No, the boats and trams do NOT go to HGVC.  They only service the Hilton hotel property.  The map I posted is just the hotel.


----------



## suzanne (Oct 28, 2011)

Thanks Luanne for responding so quickly. Our confirmation states its a 2 bedroom for 6/4with full kitchen. I read on another post that only premier units are on the 3rd floor. Since our confirmation doesn't state  premier on it I guess its a standard unit. If we called ahead and asked for a 3rd floor unit if available is there a chance they would let us have it? We hate being on ground floor units .

Suzanne


----------



## jlee2070 (Oct 28, 2011)

I stayed a Kings Land this summer...  I liked the unit but the resort itself is not so great... Too big and and Pools while nice, was WAY too cold!!! and BBQ's didn't work because (I think) it was very windy the week we stayed.  I hear it's windy by Waikoloa pretty often...


----------



## jlee2070 (Oct 28, 2011)

suzanne said:


> Thanks Luanne for responding so quickly. Our confirmation states its a 2 bedroom for 6/4with full kitchen. I read on another post that only premier units are on the 3rd floor. Since our confirmation doesn't state  premier on it I guess its a standard unit. If we called ahead and asked for a 3rd floor unit if available is there a chance they would let us have it? We hate being on ground floor units .
> 
> Suzanne



There is hardly any view to speak of so 3rd floor is no big advantage.  We stayed in a 3BR, Premier but didn't think it was worth it...  Ground floor may be OK since it's so quite at Kings Land...


----------



## suzanne (Oct 28, 2011)

Thank you for the info. Its not the view as I understand there is no ocean view from any of the buildings, its the noise level from people above you if the units are not very well sound proofed. We have stayed in lower units twice now and both times it was like a herd of elephants walking over head at 5 or 6 am. Was  not fun so have decided to try to avoid it again if at all possible.

Suzanne


----------



## MuranoJo (Oct 28, 2011)

It was very quiet there about the 2nd week of September, but there were people below and to the sides and maybe above (?), but we didn't hear a sound.  I think the sound-proofing must be very good.

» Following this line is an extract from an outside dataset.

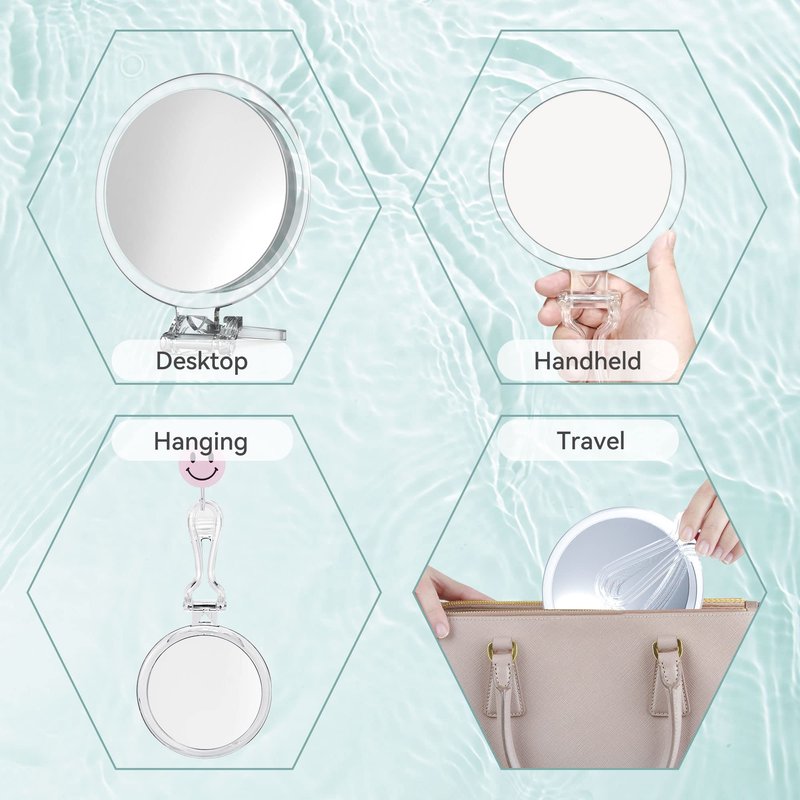 - 💗Portable and Compact Size: 5.6oz lightweight & 5'' diameter, the compact size makes it a perfect folding travel mirror, easy for us to carry and pack in a handbag, backpack or other else. What you will get is a very versatile portable mirror to show your beauty at any time.
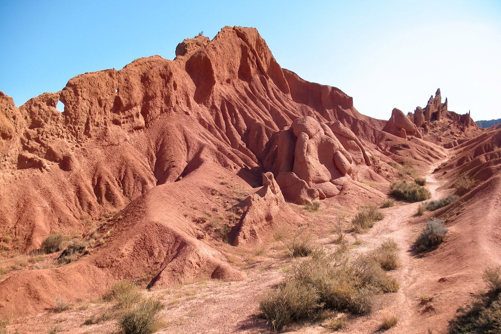 Экскурсия по живописному каньону из песка и окаменелой глины красного цвета. Прогулка между сказочными замками и башнями по извилистому лабиринту, дно которого усыпано кустами эфедры. Тут есть даже необычный каньон, напоминающий Великую Китайскую стену.

Had to laugh about the barbeques being hard to light.  I ran into a Japanese family who really didn't speak English, trying and trying to light the BBQ.  Finally, I went over to check it out and see if I could help.  (And DH usually does that, so I admit I don't really have much of a clue.)  I finally figured out the propane tank below the BBQ had to be turned on.  

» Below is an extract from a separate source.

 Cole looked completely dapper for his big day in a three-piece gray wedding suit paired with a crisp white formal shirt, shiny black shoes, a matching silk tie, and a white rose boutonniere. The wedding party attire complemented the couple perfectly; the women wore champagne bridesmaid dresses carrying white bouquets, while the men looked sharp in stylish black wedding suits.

Well, they were very appreciative, even though we really didn't understand each other.  I think 'Thanks!' is pretty universal.

BTW, they appeared to have BBQ stations between each building and came out to replace the grills each night after cleaning.


----------



## HudsHut (Oct 29, 2011)

I was surprised that there was no lazy river, but that was my only minor disappointment at the Kings' Land super pool. They call the narrow section with the lava rock backdrop and waterfalls the "lazy river pool". I had seen "lazy river" on a resort map, so I walked all around the pool section trying to figure out where the lazy river was.

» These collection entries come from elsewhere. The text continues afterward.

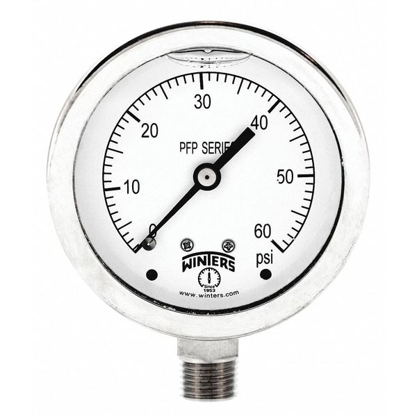 Filled Ss/Ss Gauge 2.5" 1/4Lm 60 psi, 2 1/2 in Dial, 1/4 in NPT Bottom Location
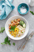 Hawajskie kłuć miska z krewetek, ryż i warzywa, zdrowe Buddha bowl z krewetkami, ryż, awokado, ogórek, pomidor i sałata
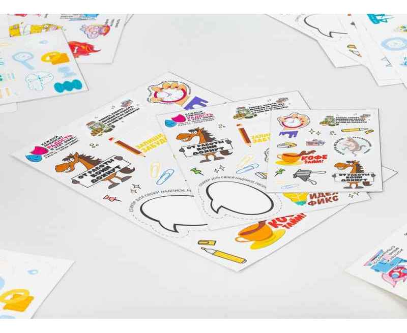 В стоимость входит полноцветная UV-печать наклеек на формате А5.
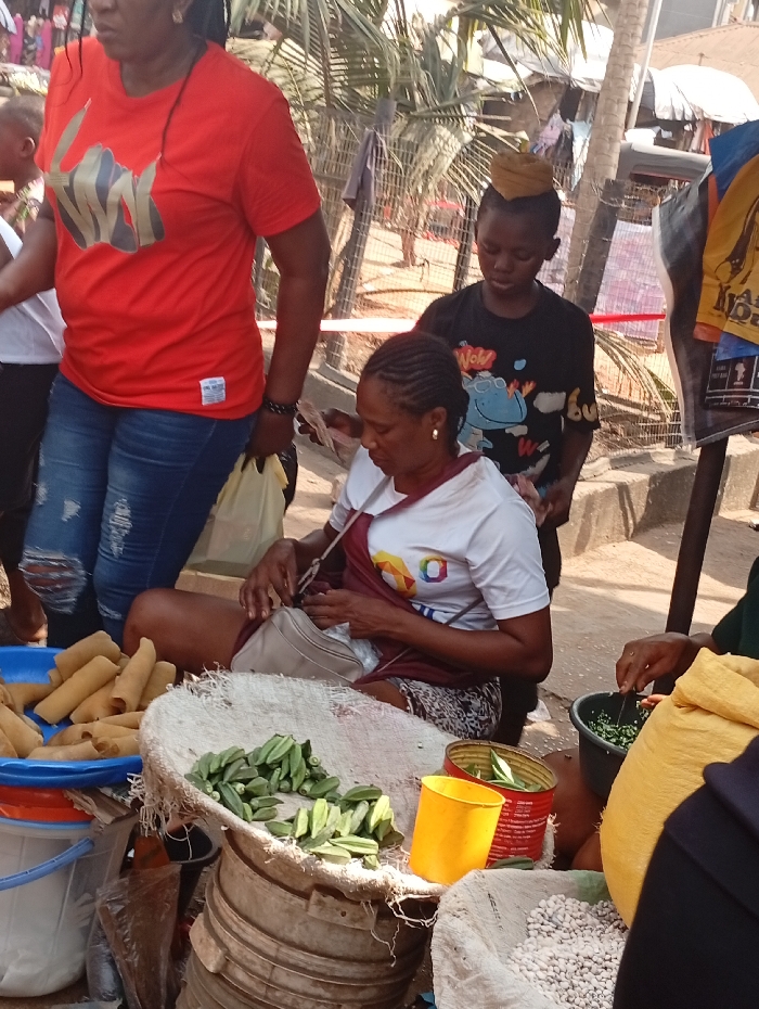 The scene depicts an outdoor market stall in Nkwelle, Nigeria, under bright daylight
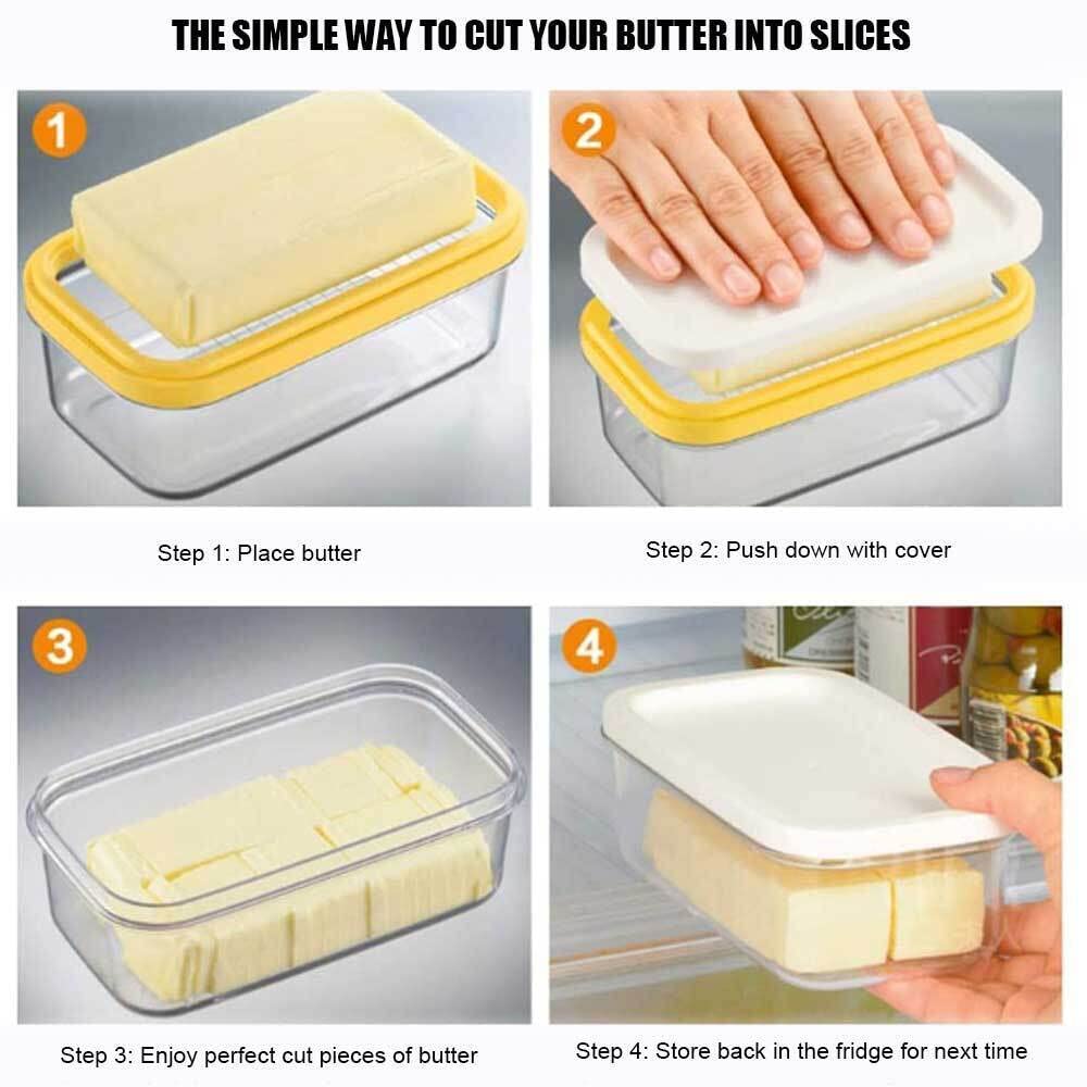 - Q: What is the design of the butter storage box? A: The butter storage box features a sleek and transparent design, allowing you to easily see the contents inside.

The adult side of the super pool is rarely used. They hold an aqua aerobics and aqua zumba class there. 

I walked over to HGVC Waikoloa and Bay Club (10 - 15 minute walk) to see those resorts. The Waikoloa pool had a short water slide (maybe 5 feet long) connecting one pool to the next. I would definitely use the Hilton Waikoloa Hotel pool pass if I were staying at HGVC Waikoloa. That pool looked small and crowded. The Bay Club pool was the traditional rectangle surrounded by concrete. There were only a few people sitting out there.


----------



## travelguy (Oct 29, 2011)

hudshut said:


> I walked over to HGVC Waikoloa and Bay Club (10 - 15 minute walk) to see those resorts. The Waikoloa pool had a short water slide (maybe 5 feet long) connecting one pool to the next. I would definitely use the Hilton Waikoloa Hotel pool pass if I were staying at HGVC Waikoloa. That pool looked small and crowded. The Bay Club pool was the traditional rectangle surrounded by concrete. There were only a few people sitting out there.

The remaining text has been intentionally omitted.